* **Exercise prompt**: From the listing below, retype exactly the line holding "Funkciója: Az oszlopban", the line holding "THÔNG TIN SẢN", and the lines between them; skip everything else.

* **Available data**:
____________________

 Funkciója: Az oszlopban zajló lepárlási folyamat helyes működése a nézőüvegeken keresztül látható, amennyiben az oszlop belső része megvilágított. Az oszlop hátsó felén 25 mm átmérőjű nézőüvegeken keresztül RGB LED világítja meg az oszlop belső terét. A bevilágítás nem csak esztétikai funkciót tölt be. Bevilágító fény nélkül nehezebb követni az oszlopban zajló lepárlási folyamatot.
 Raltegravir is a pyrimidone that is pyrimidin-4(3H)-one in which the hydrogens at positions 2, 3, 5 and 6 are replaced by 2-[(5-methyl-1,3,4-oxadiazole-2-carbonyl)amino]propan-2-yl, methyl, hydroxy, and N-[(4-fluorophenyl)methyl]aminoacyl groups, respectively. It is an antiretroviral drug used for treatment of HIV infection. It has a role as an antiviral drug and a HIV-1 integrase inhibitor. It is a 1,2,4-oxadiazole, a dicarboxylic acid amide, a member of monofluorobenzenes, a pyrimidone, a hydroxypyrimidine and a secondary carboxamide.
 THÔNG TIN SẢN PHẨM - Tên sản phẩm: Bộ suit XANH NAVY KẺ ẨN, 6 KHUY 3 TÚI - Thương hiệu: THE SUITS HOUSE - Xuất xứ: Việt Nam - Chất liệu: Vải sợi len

____________________

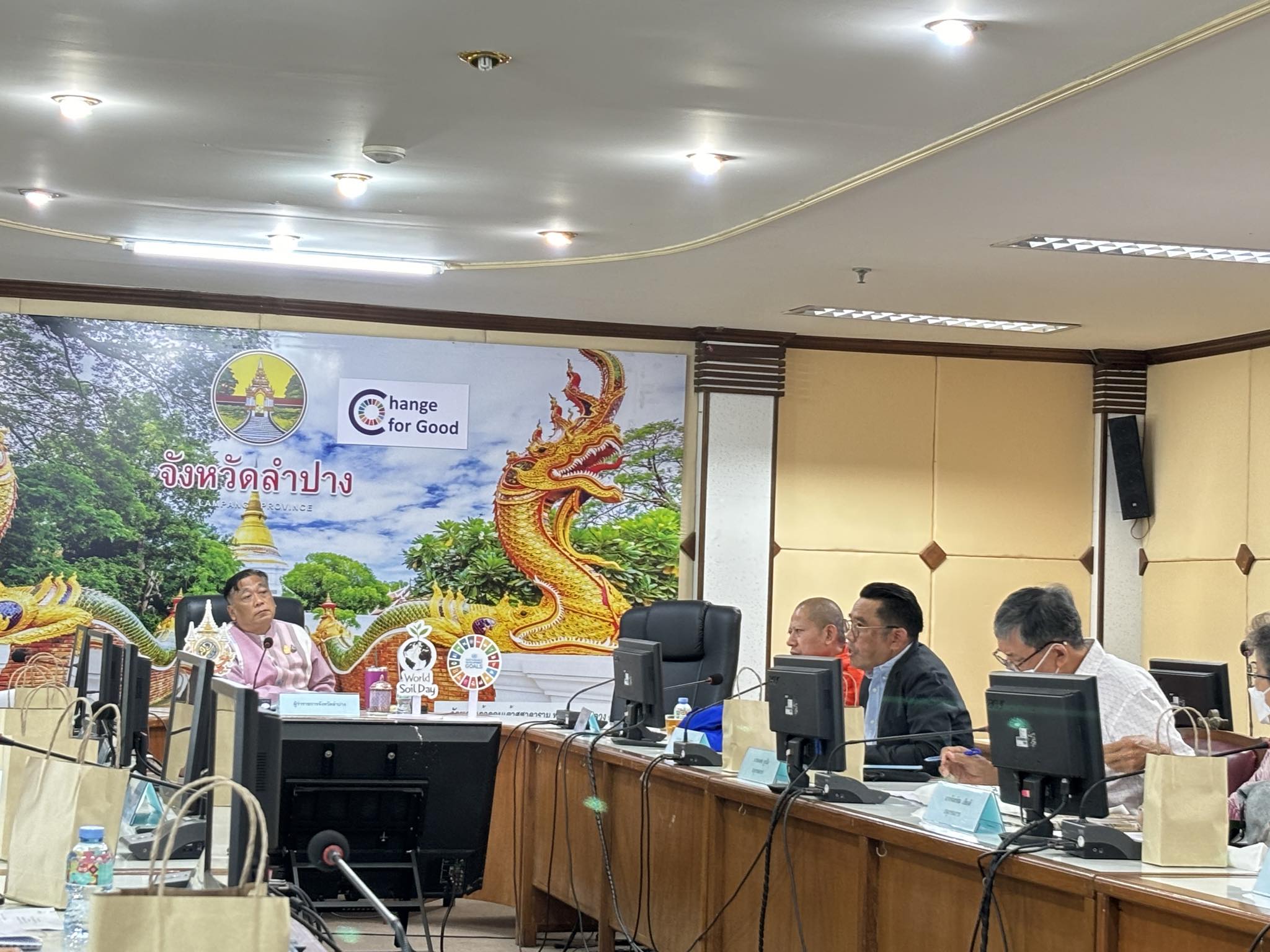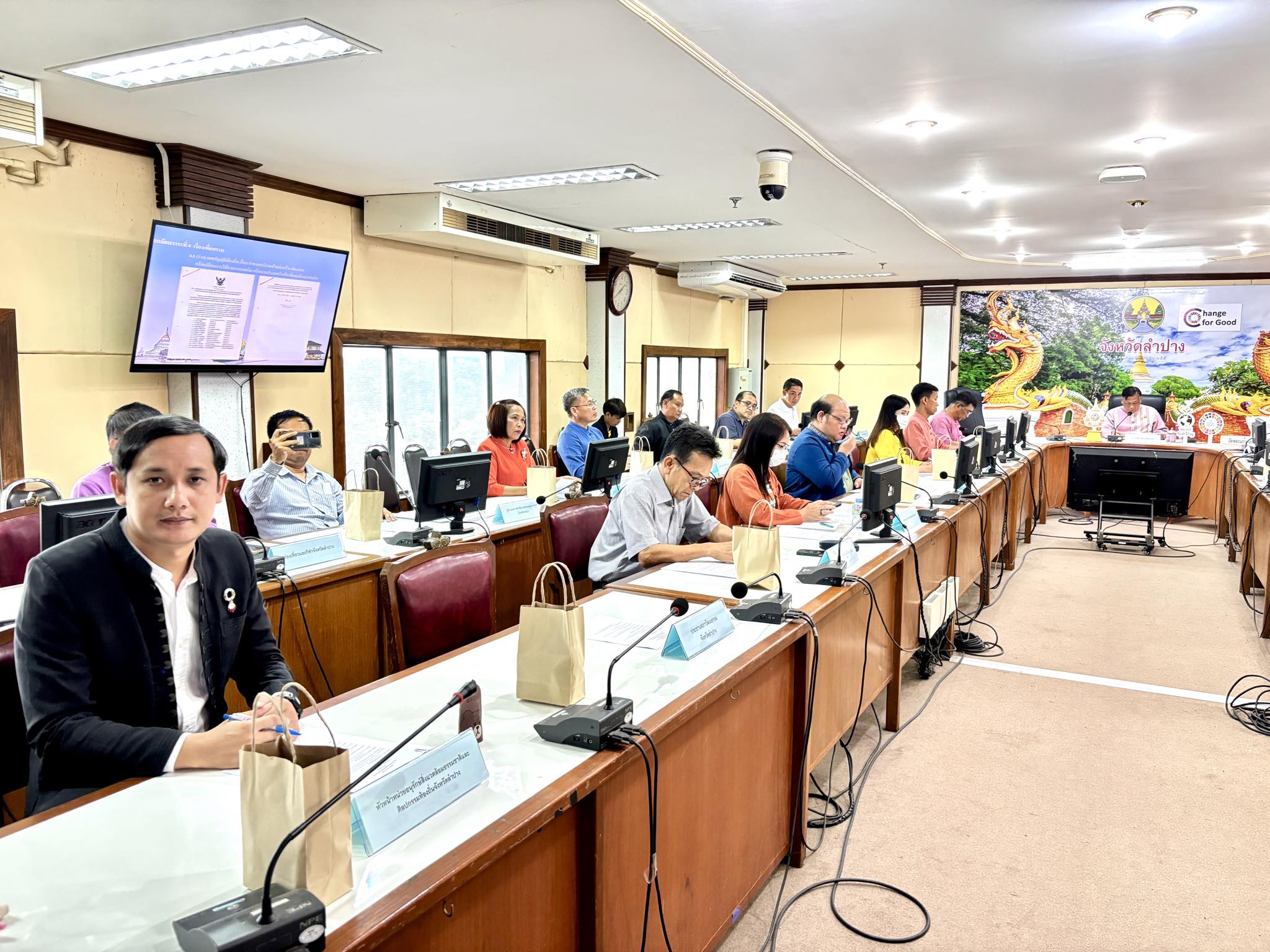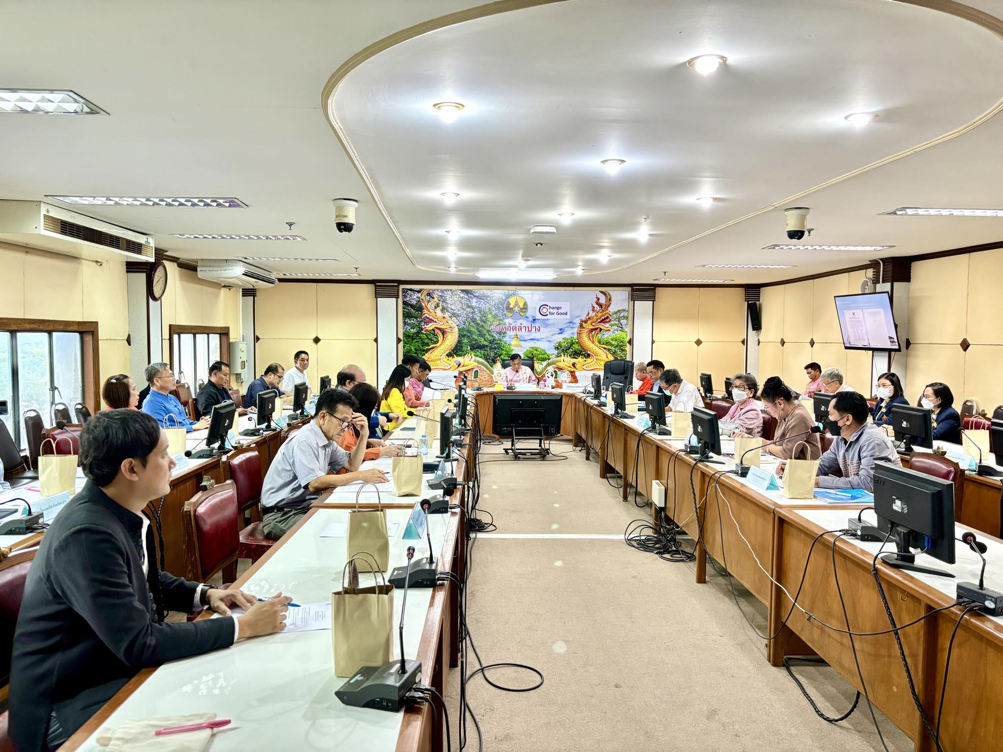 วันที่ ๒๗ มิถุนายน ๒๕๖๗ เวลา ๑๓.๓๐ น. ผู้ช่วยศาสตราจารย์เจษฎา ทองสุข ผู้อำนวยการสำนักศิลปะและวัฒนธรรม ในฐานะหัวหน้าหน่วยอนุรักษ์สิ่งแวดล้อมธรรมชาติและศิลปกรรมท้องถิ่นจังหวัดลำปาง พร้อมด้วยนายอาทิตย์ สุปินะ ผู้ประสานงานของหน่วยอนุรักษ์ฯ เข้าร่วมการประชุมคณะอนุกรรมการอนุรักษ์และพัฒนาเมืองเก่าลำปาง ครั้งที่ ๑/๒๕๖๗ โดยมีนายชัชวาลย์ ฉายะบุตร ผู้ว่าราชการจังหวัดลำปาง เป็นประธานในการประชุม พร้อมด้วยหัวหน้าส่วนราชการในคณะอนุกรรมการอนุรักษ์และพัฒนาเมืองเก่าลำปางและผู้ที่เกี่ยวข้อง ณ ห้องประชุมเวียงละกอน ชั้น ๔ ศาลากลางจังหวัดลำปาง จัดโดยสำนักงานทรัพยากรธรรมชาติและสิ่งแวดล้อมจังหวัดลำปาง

____________________

* **Output of the exercise**:
 Funkciója: Az oszlopban zajló lepárlási folyamat helyes működése a nézőüvegeken keresztül látható, amennyiben az oszlop belső része megvilágított. Az oszlop hátsó felén 25 mm átmérőjű nézőüvegeken keresztül RGB LED világítja meg az oszlop belső terét. A bevilágítás nem csak esztétikai funkciót tölt be. Bevilágító fény nélkül nehezebb követni az oszlopban zajló lepárlási folyamatot.
 Raltegravir is a pyrimidone that is pyrimidin-4(3H)-one in which the hydrogens at positions 2, 3, 5 and 6 are replaced by 2-[(5-methyl-1,3,4-oxadiazole-2-carbonyl)amino]propan-2-yl, methyl, hydroxy, and N-[(4-fluorophenyl)methyl]aminoacyl groups, respectively. It is an antiretroviral drug used for treatment of HIV infection. It has a role as an antiviral drug and a HIV-1 integrase inhibitor. It is a 1,2,4-oxadiazole, a dicarboxylic acid amide, a member of monofluorobenzenes, a pyrimidone, a hydroxypyrimidine and a secondary carboxamide.
 THÔNG TIN SẢN PHẨM - Tên sản phẩm: Bộ suit XANH NAVY KẺ ẨN, 6 KHUY 3 TÚI - Thương hiệu: THE SUITS HOUSE - Xuất xứ: Việt Nam - Chất liệu: Vải sợi len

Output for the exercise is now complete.